Esta hipótese foi desenvolvida por economistas latino-americanos, que
acreditavam que o processo de industrialização, ao provocar uma migração do
campo para as cidades, aumentava os preços dos alimentos em relação aos preços
dos produtos industriais por duas razões. Em primeiro lugar pelo aumento da
demanda de produtos agrícolas, e em segundo lugar pela falta de resposta dos
produtores agrícolas ao estímulo de preços, em virtude da estrutura fundiária
da propriedade agrícola, que serviria como um ativo de preservação do valor,
mas não como um meio de produção. Os estudos empíricos mostraram que os
produtores agrícolas respondem aos estímulos de preços, e que esta mudança de
preços relativos entre produtos agrícolas e industriais acontece de maneira
esporádica, em anos de condições climáticas desfavoráveis, mas não ocorre de
modo sistemático. Como no caso da inflação de custos, a inflação estrutural
pode explicar uma mudança do nível de preços, mas não da taxa de
inflação.
A
inflação inercial ocorre quando a inflação é causada pela própria inflação. Os
preços aumentam hoje porque eles aumentaram ontem, e assim sucessivamente. No
Brasil este conceito tornou-se bastante popular, e chegou a inspirar alguns
planos de estabilização que fracassaram, como os Planos Cruzado, Bresser e
Verão, no governo do presidente José Sarney (1985-1990), e o Plano Collor, no
governo do presidente Fernando Collor de Melo (1990-1992). A questão crucial
deste conceito é confundir o mecanismo de propagação com a origem do processo. O
impulso que gera a inflação, o aumento do estoque de moeda a uma velocidade
maior que a taxa de crescimento do produto real da economia, leva algum tempo
para se transmitir aos preços criando uma certa inércia na taxa de inflação.

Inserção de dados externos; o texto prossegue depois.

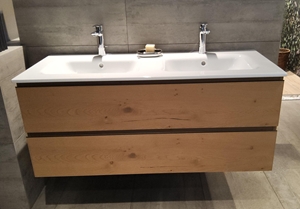 -S227087 Doppelwaschtisch Roma 120 Keramik mit 2 Armaturenbohrungen und Überlauf Produktfarbe: weiss glanz Breite: 121cm Tiefe: 51cm -S000127 Badezimmermöbel CHANGE THIN 120 Doppel Front & Korpus: Rovere RA4 Griff: Clip Grifffarbe: schwarz matt wandhängend, bestehend aus: 2 Schubladen übereinander mit Sifonausschnitt oben Vollauszug und Blumotion Breite: 120cm Höhe: 50cm Tiefe: 50cm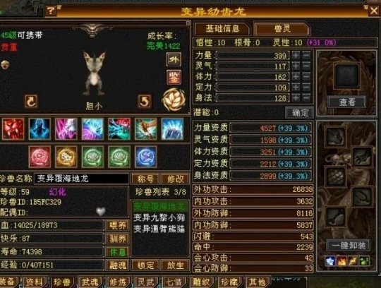而且兽灵的打造也很高,外功攻击达到了2.6万!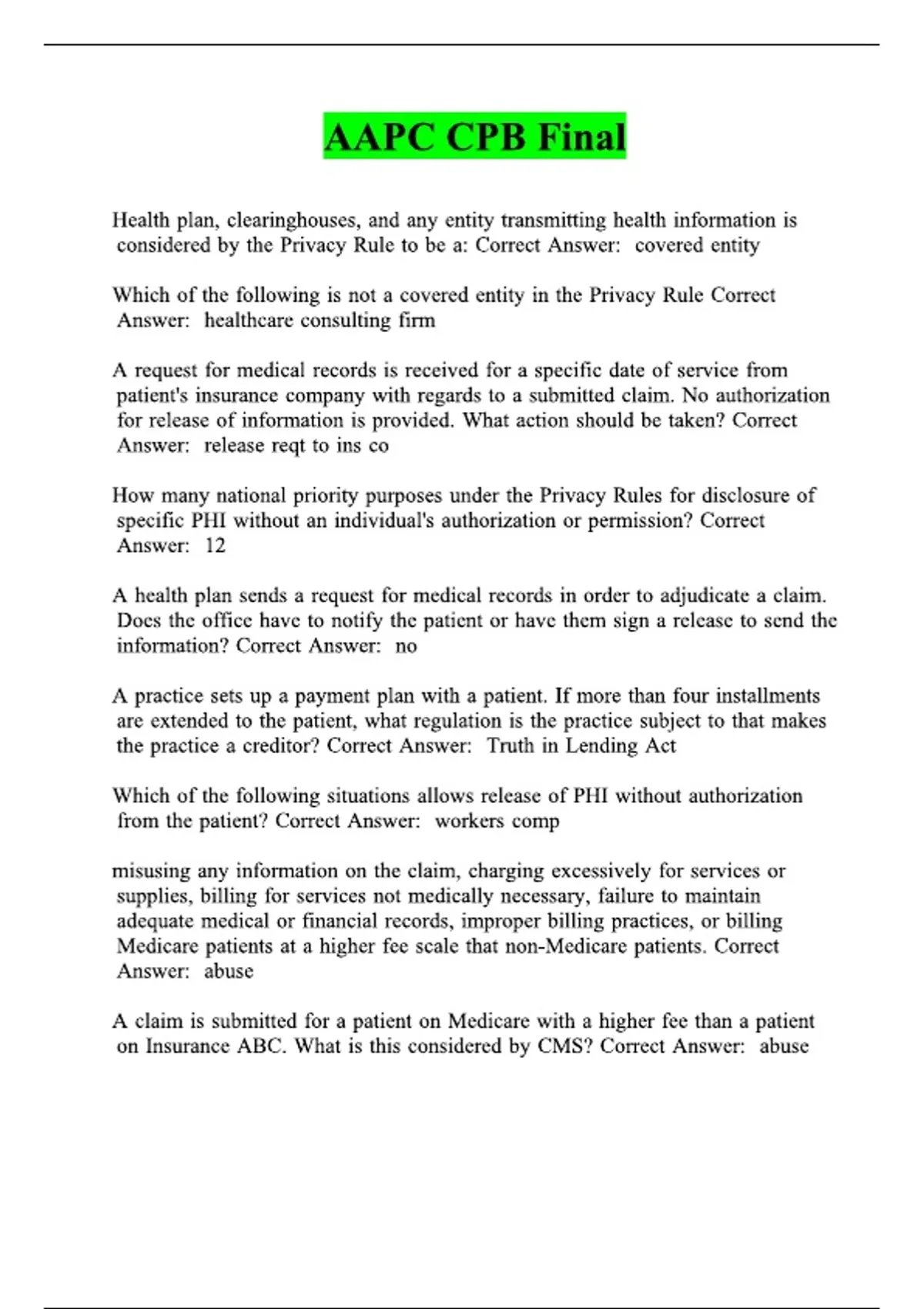 This essential AAPC CPB Final Exam review is a comprehensive study guide for the Certified Professional Biller (CPB) certification, updated for the testing period. It includes verified questions and correct answers covering core billing compliance and regulations, such as HIPAA Privacy Rule (Covered Entities, PHI disclosure), the Truth in Lending Act regarding patient payment plans, and various forms of fraudulent billing practices. This resource is critical for students preparing to successfully pass the AAPC CPB examination

Quando a inflação torna-se crônica, o público desenvolve mecanismos para
conviver com o aumento freqüente dos preços, introduzindo regras de indexação
que reajustam preços de acordo com a taxa de inflação do passado recente,
aumentando o grau de inércia do sistema. No curto prazo a inflação tem uma
componente inercial, mas no longo prazo ela não é determinada pela sua própria
história, mas sim pelo que ocorreu com a produção de moeda no país.
Uma
outra classificação de inflação toma como característica o valor da taxa de
inflação, e classifica as inflações em alta, média e baixa. Este tipo de
classificação, ou qualquer outra assemelhada, não acrescenta nada, e serve
apenas para confundir, pois alguém poderia imaginar que existiria alguma
diferença nas origens da inflação, quando ela muda de patamar. Todavia, um caso
excepcional merece tratamento especial. Trata-se da hiperinflação, situação
extrema em que o valor da moeda é destruído num tempo finito, pois o nível de
preços cresce a uma velocidade cada vez maior e tende para infinito. No século
XX houve várias experiências de hiperinflação na Europa, na América Latina e na
Ásia. Em todos os casos, os países não conseguiam financiar as despesas do
governo através de impostos tradicionais - impostos sobre a renda, o consumo,
ou a propriedade - e apelavam para o imposto inflacionário. Como o valor que a
sociedade pode arrecadar deste imposto é limitado, pois quando a alíquota (a
taxa de inflação) sobe, a base da tributação( a quantidade real de moeda que o
público deseja) diminui, o resultado é uma elevação da taxa de inflação que
chega a percentuais de três dígitos ao mês, e que só termina com a introdução
de uma nova moeda, e a mudança das regras do jogo.
Custos e
benefícios da inflação
Uma
inflação que seja perfeitamente antecipada pela sociedade tem como único custo
a distorção causada pelo imposto inflacionário na alocação de recursos da
sociedade. Este custo é similar ao custo de qualquer outro tipo de imposto,
que diminui o bem estar da sociedade, e em princípio poderia ser comparado com
as alternativas de taxação ao alcance do governo. Todavia, a inflação nem
sempre é perfeitamente antecipada e cria uma série de distorções. Em primeiro
lugar, quando não é antecipada, a inflação prejudica algumas pessoas e
beneficia outras, através da redistribuição de renda entre credores e
devedores. Em segundo lugar, a inflação desvia recursos de setores produtivos
para o setor financeiro, que cria mecanismos e serviços para atender a demanda
da sociedade por instrumentos que lhes permita evitar o imposto inflacionário.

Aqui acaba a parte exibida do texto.